■ **Required work**:
Leaving the images aside, transcribe all the data below exactly.

■ **Data segment**:
++++++++
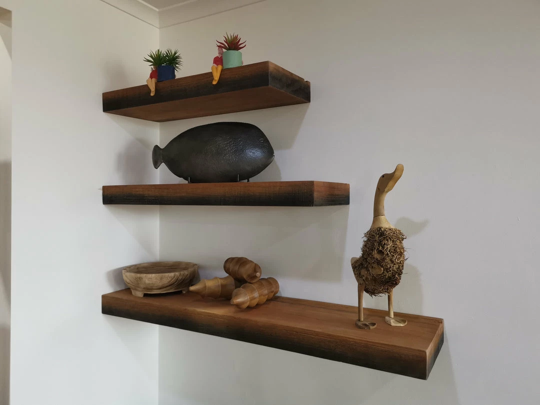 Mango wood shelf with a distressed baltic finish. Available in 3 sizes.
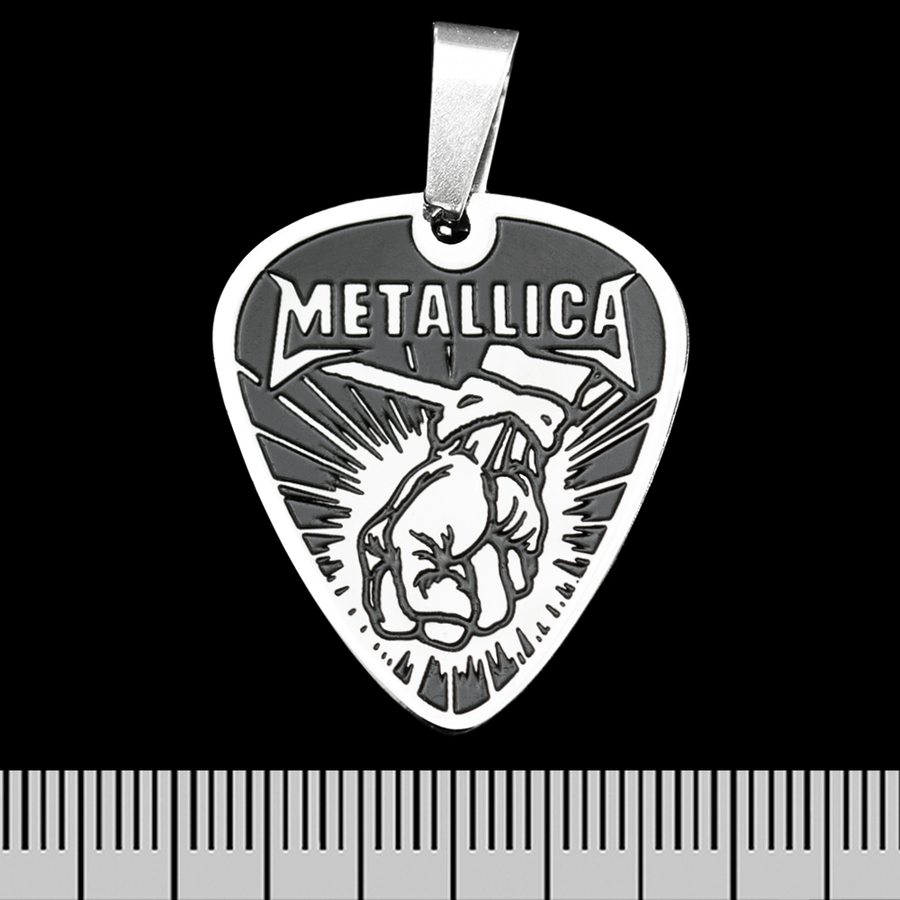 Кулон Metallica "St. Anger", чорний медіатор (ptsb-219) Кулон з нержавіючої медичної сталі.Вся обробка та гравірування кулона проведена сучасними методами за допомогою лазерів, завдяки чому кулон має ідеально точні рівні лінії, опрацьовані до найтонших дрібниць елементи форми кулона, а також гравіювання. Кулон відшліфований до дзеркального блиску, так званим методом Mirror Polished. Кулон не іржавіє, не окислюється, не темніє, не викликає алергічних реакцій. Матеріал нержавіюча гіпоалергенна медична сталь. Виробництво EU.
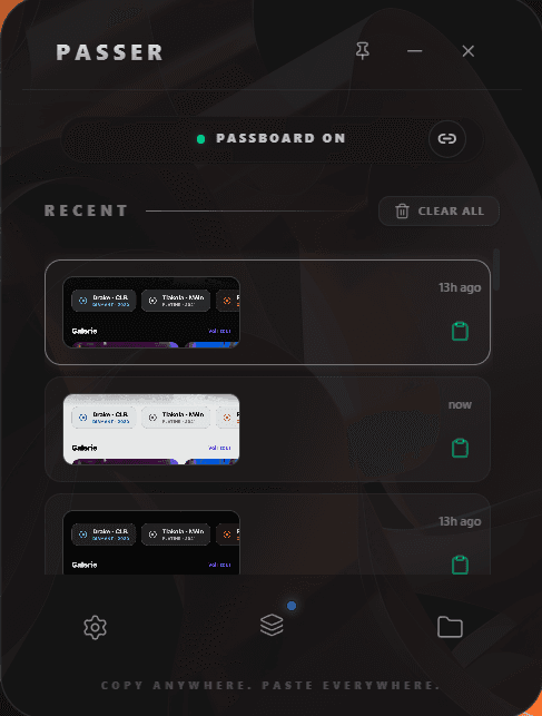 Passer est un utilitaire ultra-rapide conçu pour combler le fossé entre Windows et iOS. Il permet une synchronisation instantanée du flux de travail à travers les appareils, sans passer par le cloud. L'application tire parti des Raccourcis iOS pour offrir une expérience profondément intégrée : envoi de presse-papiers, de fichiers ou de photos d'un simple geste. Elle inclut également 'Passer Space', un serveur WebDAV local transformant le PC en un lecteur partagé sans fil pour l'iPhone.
++++++++
■ **Task response**:
 Mango wood shelf with a distressed baltic finish. Available in 3 sizes.
 Кулон Metallica "St. Anger", чорний медіатор (ptsb-219) Кулон з нержавіючої медичної сталі.Вся обробка та гравірування кулона проведена сучасними методами за допомогою лазерів, завдяки чому кулон має ідеально точні рівні лінії, опрацьовані до найтонших дрібниць елементи форми кулона, а також гравіювання. Кулон відшліфований до дзеркального блиску, так званим методом Mirror Polished. Кулон не іржавіє, не окислюється, не темніє, не викликає алергічних реакцій. Матеріал нержавіюча гіпоалергенна медична сталь. Виробництво EU.
 Passer est un utilitaire ultra-rapide conçu pour combler le fossé entre Windows et iOS. Il permet une synchronisation instantanée du flux de travail à travers les appareils, sans passer par le cloud. L'application tire parti des Raccourcis iOS pour offrir une expérience profondément intégrée : envoi de presse-papiers, de fichiers ou de photos d'un simple geste. Elle inclut également 'Passer Space', un serveur WebDAV local transformant le PC en un lecteur partagé sans fil pour l'iPhone.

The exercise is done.